▶ _Work instruction_
Without changing a word, repeat the data, and include no pictures.

[[ Given information open ]]

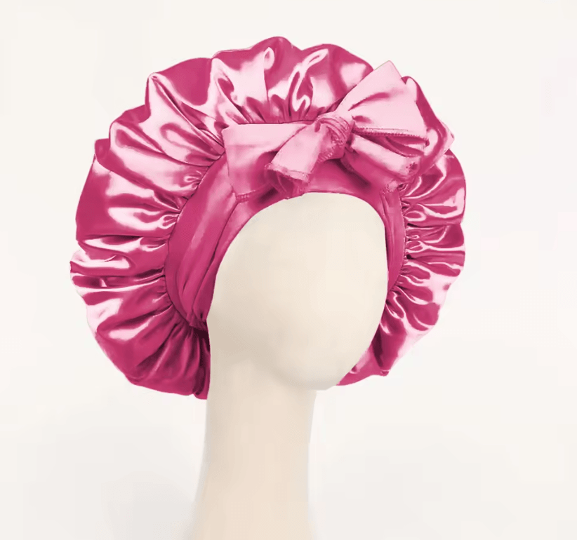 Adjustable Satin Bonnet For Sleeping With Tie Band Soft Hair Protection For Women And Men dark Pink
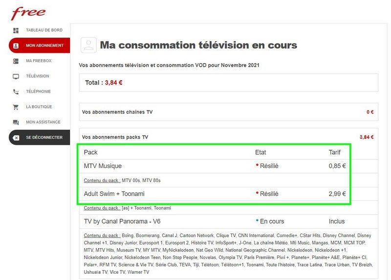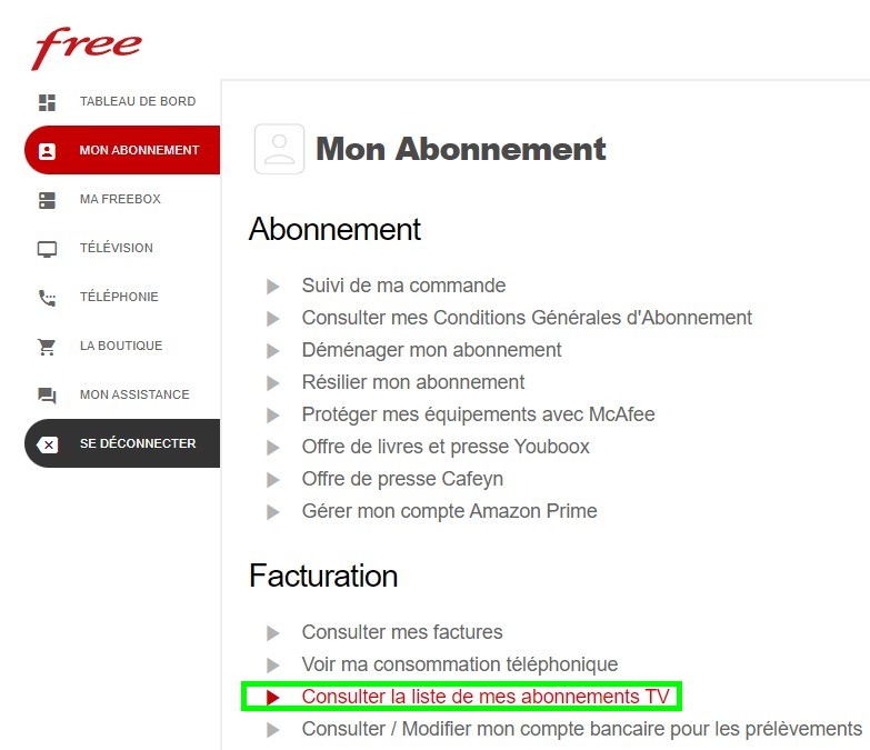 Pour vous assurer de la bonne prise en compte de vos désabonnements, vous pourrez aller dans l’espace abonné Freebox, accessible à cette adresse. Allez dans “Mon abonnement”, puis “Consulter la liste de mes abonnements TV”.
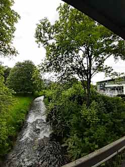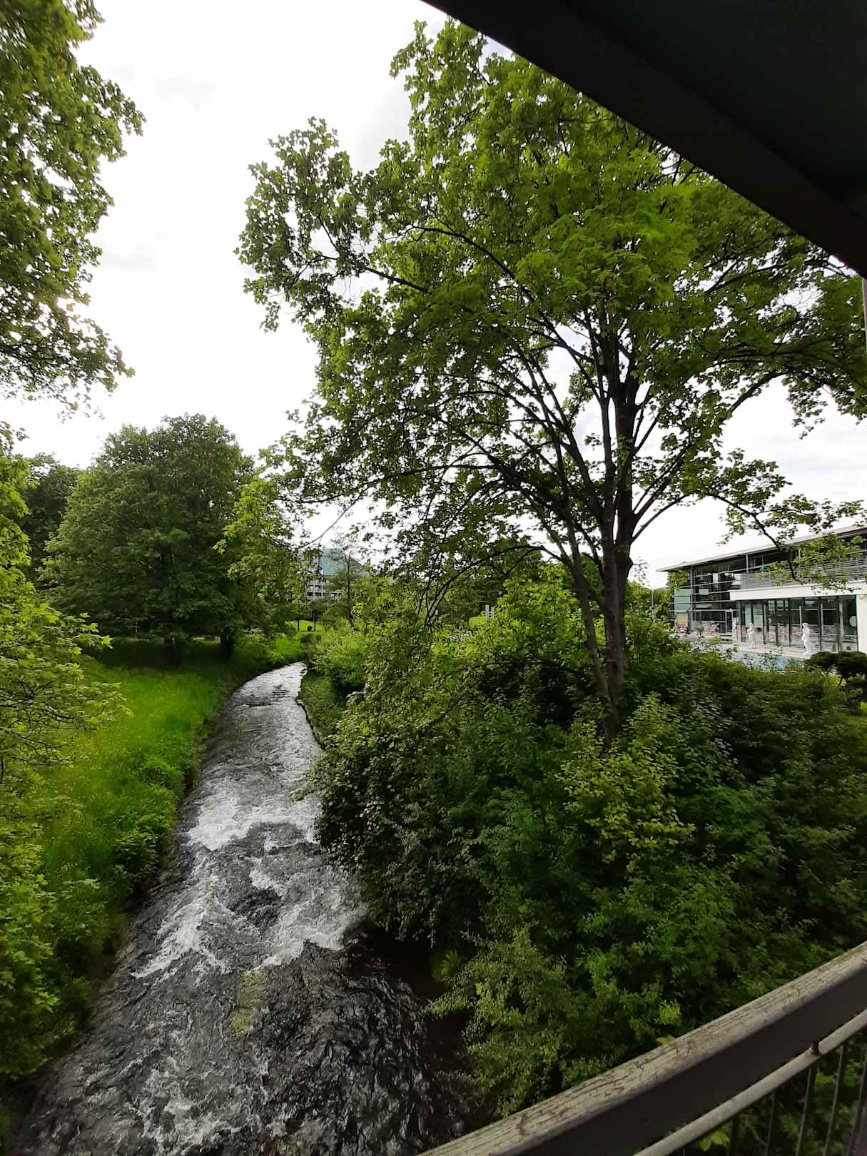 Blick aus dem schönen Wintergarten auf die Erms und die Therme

[[ Given information closed ]]

▶ _Exercise result_
 Adjustable Satin Bonnet For Sleeping With Tie Band Soft Hair Protection For Women And Men dark Pink
 Pour vous assurer de la bonne prise en compte de vos désabonnements, vous pourrez aller dans l’espace abonné Freebox, accessible à cette adresse. Allez dans “Mon abonnement”, puis “Consulter la liste de mes abonnements TV”.
 Blick aus dem schönen Wintergarten auf die Erms und die Therme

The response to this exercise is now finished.